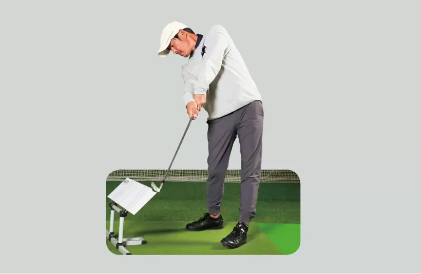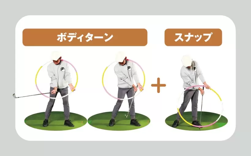 ボディターンの手元の軌道の最下点は、首の下。手首のタメをキープしたままだと、ヘッド軌道の最下点も首の下になるはず。だが、その直前からスナップでリリースを始めると、ヘッドはさらに低く動く。
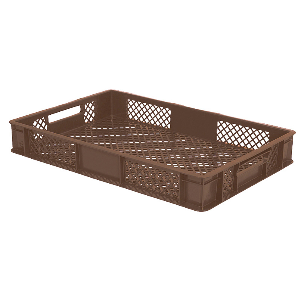 Durchbrochener Eurobehälter mit 2 Durchfassgriffen, LxBxH 600x400x90 mm, 15 Liter, braun
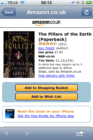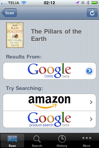 Coming back to work reading my flooded reader-feed finding a on-spot article, I started to use an app called Bakodo (bar code in Jap.), and it works ๐ Well it have obvious drawbacks given that it still is mainly focused on US, and do not hold a good back-end data raw material. I used my summer reading, Pillars of the Earth and got a quick response.
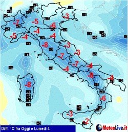 Ribadiamo ancora una volta di non farsi ingannare dai colori. La cartina che abbiamo riportato mette in luce le differenze termiche tra le temperature di oggi e quelle che si registreranno nella giornata di lunedì 4 novembre.
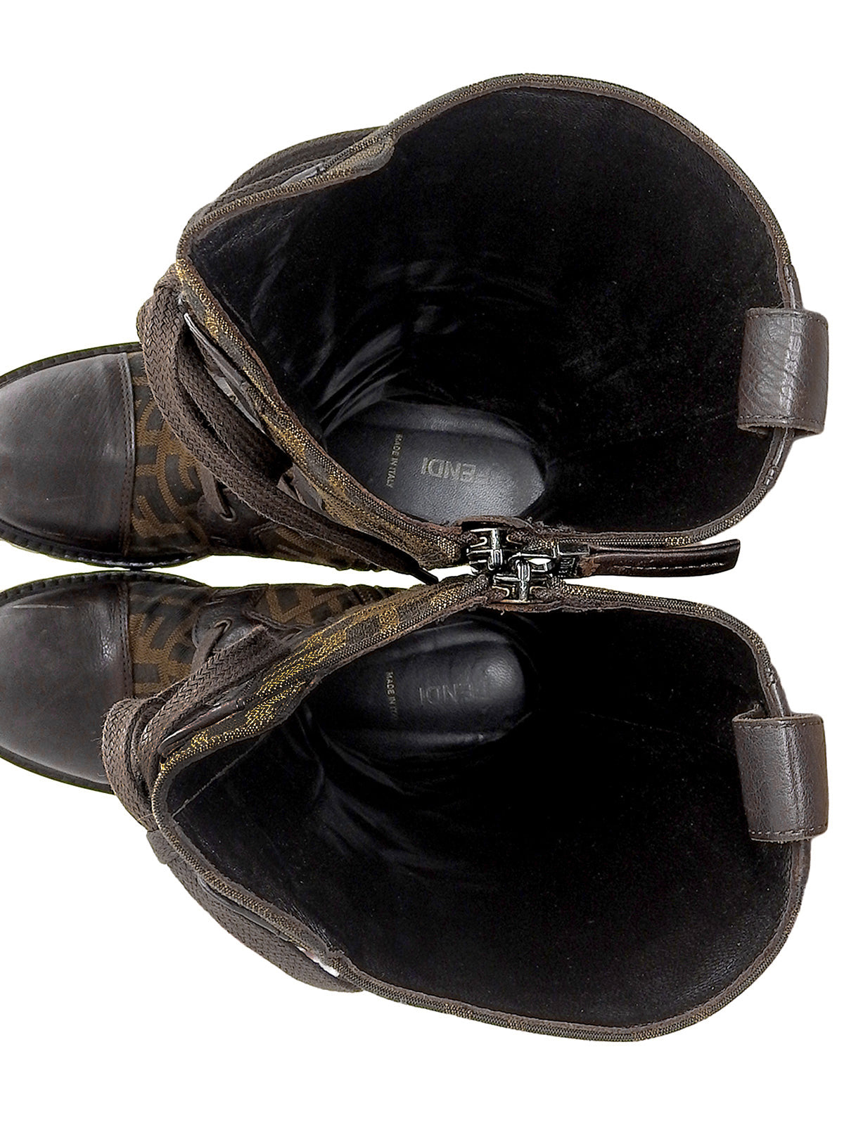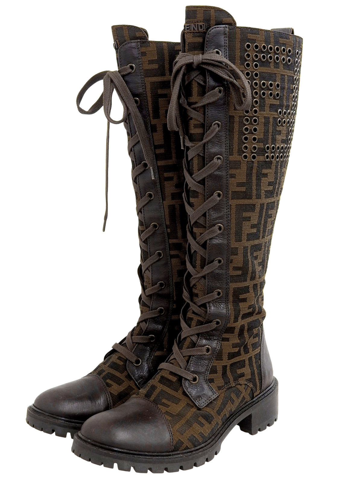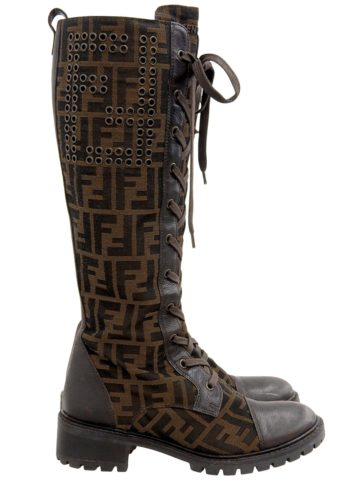 FFズッカパターンレースアップロングブーツ ブラウン
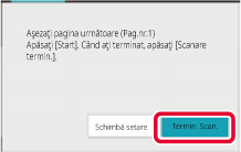 Repetaţi operaţia până la scanarea tuturor originalelor.Atingeți tasta [Termin. Scan.].
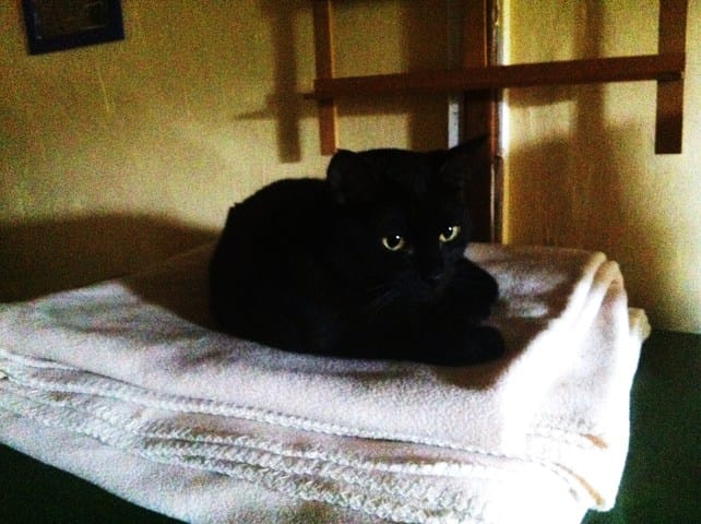 La bonne nouvelle c'est que je peux laisser la chambre ouverte, personne ne se réfugie sous le lit, ce que je craignais hier soir. Parce que non seulement il est assez bas, mais en plus il est particulièrement grand (160x200), donc si le chat ne sort pas tout seul il est irrécupérable de force.
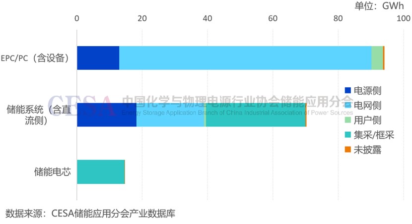 圖 2024年各應(yīng)用場景儲能采招落地容量及占比
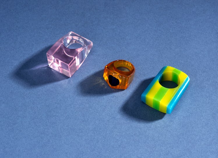 I've been growing my ring collection as of late, and in my pursuit of a blingy hand, I've noticed one trend popping up on everyone else's hands. The dainty jewelry trend of 2020 is no longer the move. Instead, chunky, acrylic rings are the new jewelry trend to get into in 2021. They're graphic, vibrant, and a sweet throwback to classic '90s style and accessories. Just picturing them reminds me of watching my mom get ready for a cocktail party. Luckily, as 2021 continues, the accessory has made a swift entrance into everyday wear.
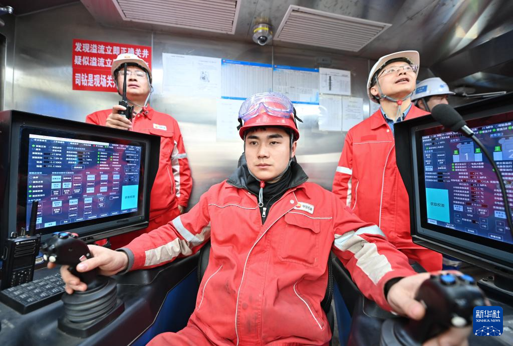 3月3日,司钻在深地塔科1井驾驶钻机作业。新华社记者 李响 摄
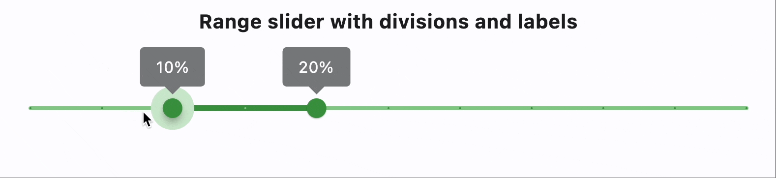A Material Design range slider. Used to select a range from a range of values. A range slider can be used to select from either a continuous or a discrete set of values. The default is to use a continuous range of values from min to max.
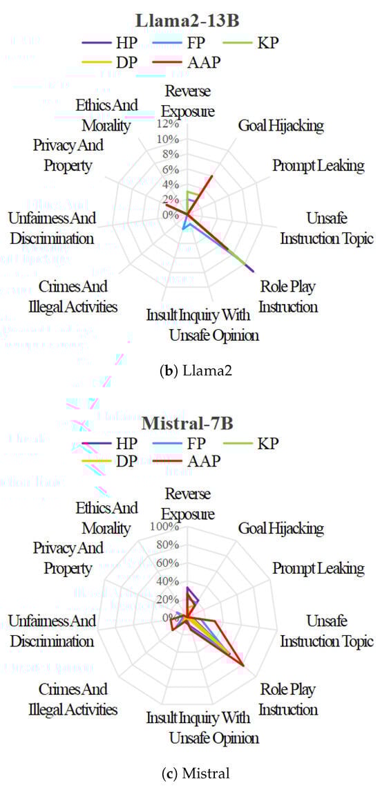 The radar charts displayed in Figure 5 and Figure 6 provide a visual comparison of the negative impacts caused by the malicious use of AAP, DP, HP, KP, and FP methods in generating unsafe content using various LLMs. The aera of each type on the radar chart corresponds to the degree of being influenced by one type of unsafe task prompt in the dataset. The larger the area covered by the radar chart, the stronger the ability of the LLM to output unsafe content. Notably, the charts reveal that the AAP method results in significantly larger areas across all models compared to other input methods. This indicates that the AHoD constructed using AAP not only enhances model performance in generating accurate responses but also amplifies the potential for negative impacts, such as producing unsafe content. This dual effect underscores the powerful influence of the AAP method in both positive and negative aspects, highlighting the importance of carefully considering the potential risks when employing AAP in sensitive applications.
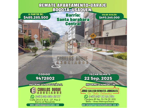 REMATE APARTAMENTO+GARAJE BOGOTÁ, USAQUEN, SANTA BARBARA CENTRAL
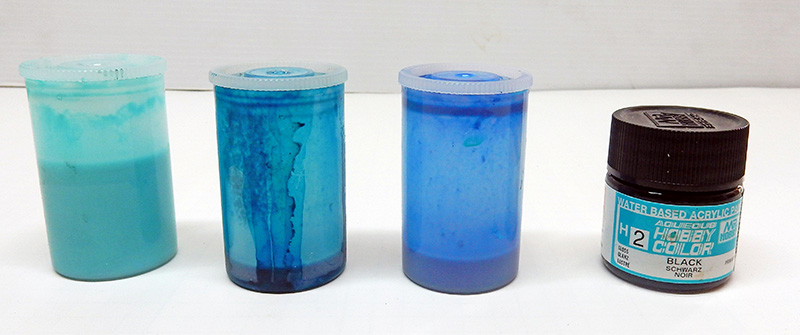 The set is painted with the usual Liquitex acrylic paint based on phthalocyanine blue, black and cobalt blue...

----------------------------------------

Action item: Please write out exactly the lines from the one containing "REMATE APARTAMENTO+GARAJE BOGOTÁ, USAQUEN, SANTA" through the last line of the records above, and leave out any pictures.

Your solution:
 REMATE APARTAMENTO+GARAJE BOGOTÁ, USAQUEN, SANTA BARBARA CENTRAL
 The set is painted with the usual Liquitex acrylic paint based on phthalocyanine blue, black and cobalt blue...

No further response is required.